··· The data ···

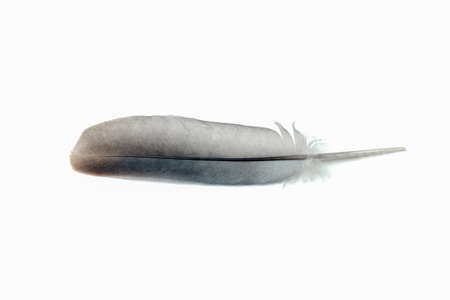 pigeon feather close-up on a white background
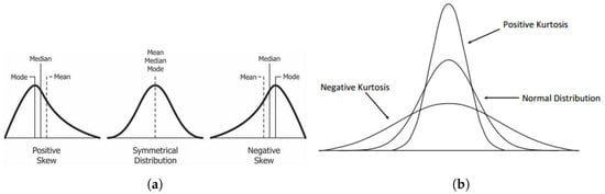 (a) Visualization of positive and negative skewness in time series data []. (b) Comparison between positive and negative kurtosis [].
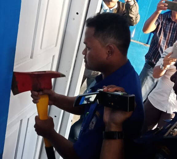 Kamudian pihak Damkar membuka ruangan yang di gembok tersebut menggunakan kapak warna merah, saat menggeledah, petugas kejaksaan menemukan sejumlah dokumen dari laci meja kerja. Selain itu, petugas juga menemukan sobekan klip stiker uang tunai senilai Rp 50 juta.
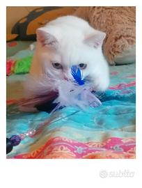 Allevamento amatoriale Fife cede cucciola di 4 mesi di British Shorthair, bianca occhi azzurri carrier point e cannella. La cucciola viene ceduta con pedigree test genitori doppi vaccini e microchip.

···

*Required work*. Set down the data above verbatim, omitting every image.

*Task response*.
 pigeon feather close-up on a white background
 (a) Visualization of positive and negative skewness in time series data []. (b) Comparison between positive and negative kurtosis [].
 Kamudian pihak Damkar membuka ruangan yang di gembok tersebut menggunakan kapak warna merah, saat menggeledah, petugas kejaksaan menemukan sejumlah dokumen dari laci meja kerja. Selain itu, petugas juga menemukan sobekan klip stiker uang tunai senilai Rp 50 juta.
 Allevamento amatoriale Fife cede cucciola di 4 mesi di British Shorthair, bianca occhi azzurri carrier point e cannella. La cucciola viene ceduta con pedigree test genitori doppi vaccini e microchip.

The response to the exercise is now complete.